Comment 17 Christoph Haag 2014-01-21 00:55:14 UTC
It reads /sys/kernel/debug/dri/0/radeon_pm_info once a second and lm_sensors I think.

Powered down in terms of vgaswitcheroo/dynoff, I don't think so. When X is running I don't read dynoff for the radeon gpu from /sys/kernel/debug/vgaswitcheroo/switch but when X is not running, it powers down.

I checked with radeon-profile because it's actually the fan that is sometimes annoying to me.
The fan only powers off for seconds before starting to run again, mostly only up to "level 1" for a while.
But sometimes it runs at high speed for seconds or even minutes for seemingly no reason and then powers down again.

When monitoring with
sudo sh -c 'while true; do cat /sys/kernel/debug/dri/0/radeon_pm_info; sleep 0.5; done'
I see the same thing. When clicking on an unfocussed window and focussing it with that, it goes from 

power level 0    sclk: 30000 mclk: 15000 vddc: 825 vddci: 850 pcie gen: 3
uvd    vclk: 0 dclk: 0

to

power level 2    sclk: 85000 mclk: 120000 vddc: 1050 vddci: 975 pcie gen: 3
uvd    vclk: 0 dclk: 0

stays there for ~6 seconds and then goes back to power level 0.

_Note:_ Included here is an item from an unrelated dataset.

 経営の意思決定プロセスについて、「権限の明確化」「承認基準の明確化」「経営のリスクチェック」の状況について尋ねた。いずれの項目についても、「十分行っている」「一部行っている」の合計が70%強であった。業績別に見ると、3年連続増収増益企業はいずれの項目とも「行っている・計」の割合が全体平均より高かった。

If it was garbage it would be pretty consistent garbage with the gpu temperature rising pretty much exactly on every of those spike...
If constant polling from /sys/kernel/debug/dri/0/radeon_pm_info or so is causing it, then the long periods of no spikes when actually doing nothing in X confuse me.

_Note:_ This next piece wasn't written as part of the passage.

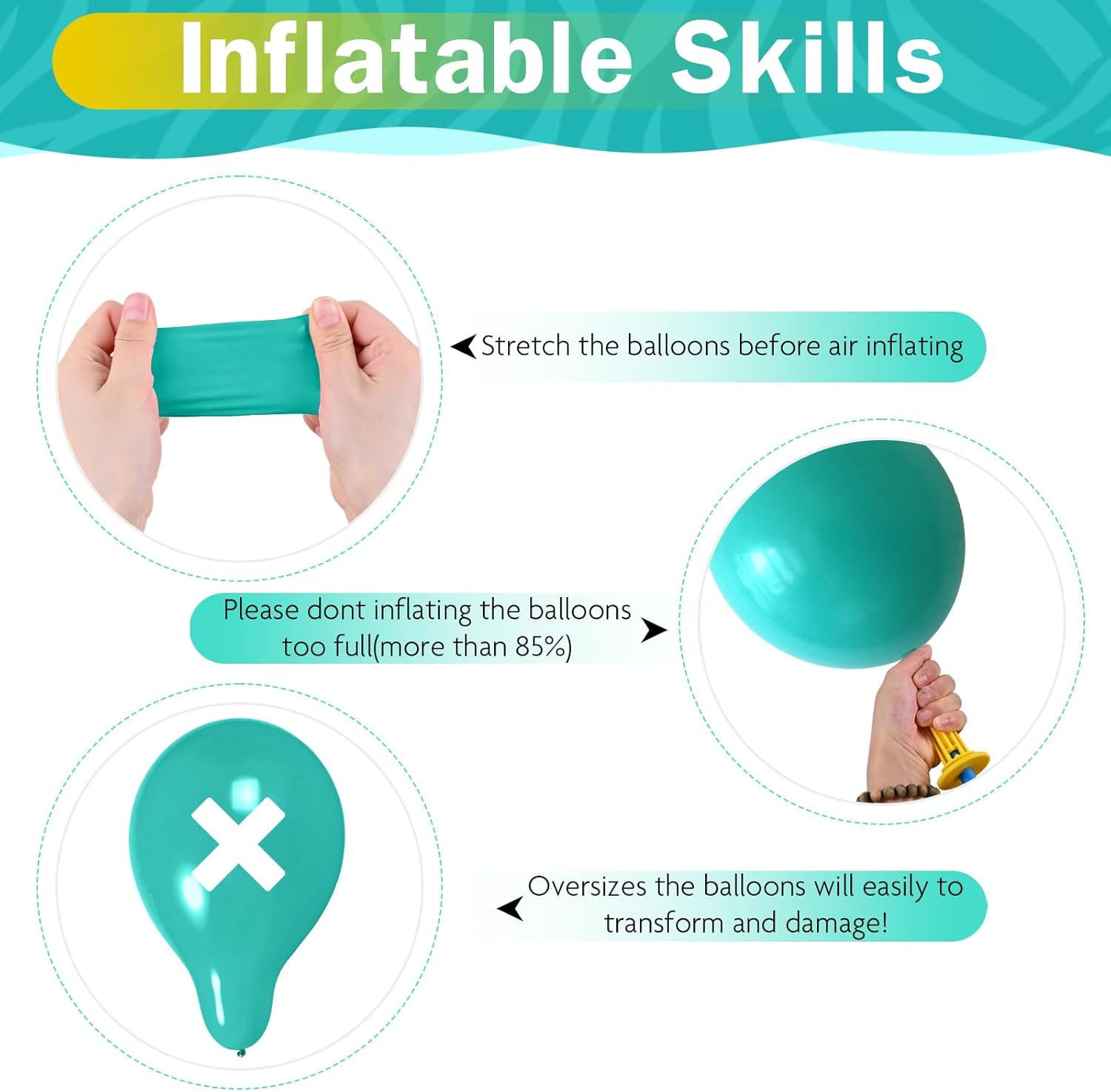 - Warm Tips: Please avoid exposing pastel color balloons to direct sunlight before use to avoid affecting the quality and life of the balloons pastel; During the inflation process: Please inflate the globos into a round shape to prevent the helium balloons from bursting; Choking Hazar: Adult supervision is required; Keep uninflated assorted balloons away from children

Currently it's just this situation that the fan keeps going on and off all the time and I am pretty sure it is on most of the time when I'm doing something, like clicking things and stuff and when I'm exiting X and see dynoff in /sys/kernel/debug/vgaswitcheroo/switch then the fan actually stays off (I think. Going to a tty while X is running in the background does not result in dynoff)

If there is a better way to find out why the fan doesn't shut off, I'd gladly investigate.

The code is here, by the way: https://github.com/marazmista/radeon-profile
Comment 18 Jack 2014-01-21 21:58:39 UTC
>If there is a better way to find out why the fan doesn't shut off

I'm pretty sure the reason the fans don't shut off is because they're reacting to the dGPU usage. In my incredibly un-scientific observation, I've noticed that the laptop gets warmer to the touch in Linux than it does in Windows. I'll be doing some actual testing on this later tonight, but it seems to me that the actual issue isn't the fans -- it's the fact that the dGPU is revving up and down on a pretty constant basis, and that's driving the fans to spin up and down with the dGPU.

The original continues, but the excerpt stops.